The water-logged materials quickly became moldy in Baghdad’s intense heat and humidity. Seeking guidance, the Coalition Provisional Authority placed an urgent call to the nation’s foremost conservation experts at the National Archives. Just a week later, National Archives Director of Preservation Programs Doris Hamburg and Conservation Chief Mary Lynn Ritzenthaler arrived in Baghdad via military transport to assess the damage and make recommendations for preservation of the materials. Both experts share this extraordinary story and take you “behind the scenes” in this brief video [http://tinyurl.com/IraqiJA]. This video is in the public domain and not subject to any copyright restrictions. The National Archives encourages its use and free distribution.

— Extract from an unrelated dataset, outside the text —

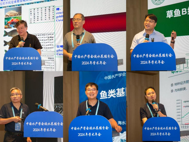 会议特邀中国科学院桂建芳院士、中国水产科学研究院刘英杰研究员、华中农业大学张永安教授、中国科学院水生生物研究所胡炜研究员、厦门大学徐鹏教授、浙江万里学院葛楚天教授6位专家学者,围绕“科技创新赋能,发展新质生产力”作了特邀报告。淡水养殖分会副主任委员朱新平和高泽霞先后主持特邀报告。会议还设置了鱼类种质创新和绿色养殖、名特优水产动物种质创新和绿色养殖、高效繁育和生态渔业技术模式3个分会场作专题交流,安排50余位领域内专家、青年学者及研究生作口头报告,就水产养殖领域的热点难点问题进行了深入交流与探讨。

Given limited treatment options in Baghdad, and with the agreement of Iraqi representatives, the materials were shipped to the United States for preservation and exhibition. Since then, these materials have been vacuum freeze-dried, preserved and photographed under the direction of the National Archives. The collection includes more than 2,700 Jewish books and tens of thousands of documents in Hebrew, Arabic, Judeo-Arabic and English, dating from 1540 to the 1970s. A special website to launch this fall will make these historic materials freely available to all online as they are digitized and catalogued. This work was made possible through the assistance of the Department of State, National Endowment for the Humanities, and Center for Jewish History.

The Jews of Iraq have a rich past, extending back to Babylonia. These materials provide a tangible link to this community that flourished there, but in the second half of the twentieth century dispersed throughout the world. Today, fewer than five Jews remain.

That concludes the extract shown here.